MDverse · pierrepo · Nov 28, 2025 · Nov 17, 2025 · Nov 17, 2025 · Nov 17, 2025
diff --git a/README.md b/README.md
@@ -35,6 +35,9 @@ uv sync
 # Analyze a structure file
 uv run grodecoder path/to/structure.gro
 
+# Analyze a pair topology file + coordinates
+uv run grodecoder path/to/topology.psf /path/to/coordinates.coor
+
 # Output to stdout with compact format
 uv run grodecoder structure.pdb --compact --stdout
 
@@ -101,6 +104,40 @@ GROdecoder produces detailed JSON inventories with the following structure:
 
 ## 🔧 Advanced Features
 
+### Read back a Grodecoder inventory file
+
+Reading a Grodecoder inventory file is essential to be able to access the different parts of a system
+without having to identify them again:
+
+```python
+from grodecoder import read_grodecoder_output
+
+gro_results = read_grodecoder_output("1BRS_grodecoder.json")
+
+# Print the sequence of protein segment only.
+for segment in gro_results.decoded.inventory.segments:
+    if segment.is_protein():
+        print(segment.sequence)
+```
+
+In conjunction with the structure file, we can use the grodecoder output file to access the different
+parts of the system, as identified by grodecoder:
+
+```python
+import MDAnalysis
+from grodecoder import read_grodecoder_output
+
+
+universe = MDAnalysis.Universe("tests/data/1BRS.pdb")
+gro_results = read_grodecoder_output("1BRS_grodecoder.json")
+
+# Prints the center of mass of each protein segment.
+for segment in gro_results.decoded.inventory.segments:
+    if segment.is_protein():
+        seg: MDAnalysis.AtomGroup = universe.atoms[segment.atoms]
+        print(seg.center_of_mass())
+```
+
 ### Chain Detection
 GROdecoder uses sophisticated distance-based algorithms to detect protein and nucleic acid chains:
 

diff --git a/pyproject.toml b/pyproject.toml
@@ -39,6 +39,3 @@ line-length = 110
 
 [tool.pytest.ini_options]
 addopts = "-ra"
-
-[tool.mypy]
-ignore_missing_imports = true
diff --git a/src/grodecoder/__init__.py b/src/grodecoder/__init__.py
@@ -1,63 +1,13 @@
-import json
-from datetime import datetime
-
-import MDAnalysis as mda
-from loguru import logger
-
-from . import databases, toputils
-from ._typing import AtomGroup, Json, PathLike, Residue, Universe, UniverseLike
-from .identifier import identify
+from .core import decode, decode_structure
 from .models import Decoded, GrodecoderRunOutput, GrodecoderRunOutputRead
+from .io import read_grodecoder_output, read_universe
 
 __all__ = [
-    "databases",
-    "identify",
-    "toputils",
-    "read_structure",
-    "AtomGroup",
+    "decode",
+    "decode_structure",
+    "read_grodecoder_output",
+    "read_universe",
     "Decoded",
     "GrodecoderRunOutput",
     "GrodecoderRunOutputRead",
-    "Json",
-    "PathLike",
-    "Residue",
-    "Universe",
-    "UniverseLike",
 ]
-
-__version__ = "0.0.1"
-
-
-def _now() -> str:
-    """Returns the current date and time formatted string."""

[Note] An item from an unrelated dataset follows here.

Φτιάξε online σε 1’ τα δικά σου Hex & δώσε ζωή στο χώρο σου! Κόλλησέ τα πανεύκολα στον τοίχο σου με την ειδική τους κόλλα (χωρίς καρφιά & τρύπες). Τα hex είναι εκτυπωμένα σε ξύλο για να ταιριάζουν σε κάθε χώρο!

-    return datetime.now().strftime("%Y-%m-%d %H:%M:%S")
-
-
-def read_structure(path: PathLike, psf_path: PathLike | None = None) -> Universe:
-    """Reads a structure file."""
-    if psf_path:
-        return mda.Universe(path, psf_path)
-    return mda.Universe(path)
-
-
-def read_grodecoder_output(path: PathLike) -> GrodecoderRunOutputRead:
-    with open(path) as fileobj:
-        return GrodecoderRunOutputRead.model_validate(json.load(fileobj))
-
-
-def decode(universe: UniverseLike, bond_threshold: float = 5.0) -> Decoded:
-    """Decodes the universe into an inventory of segments."""
-    return Decoded(
-        inventory=identify(universe, bond_threshold=bond_threshold),
-        resolution=toputils.guess_resolution(universe),
-    )
-
-
-def decode_structure(
-    path: PathLike, psf_path: PathLike | None = None, bond_threshold: float = 5.0
-) -> Decoded:
-    """Reads a structure file and decodes it into an inventory of segments."""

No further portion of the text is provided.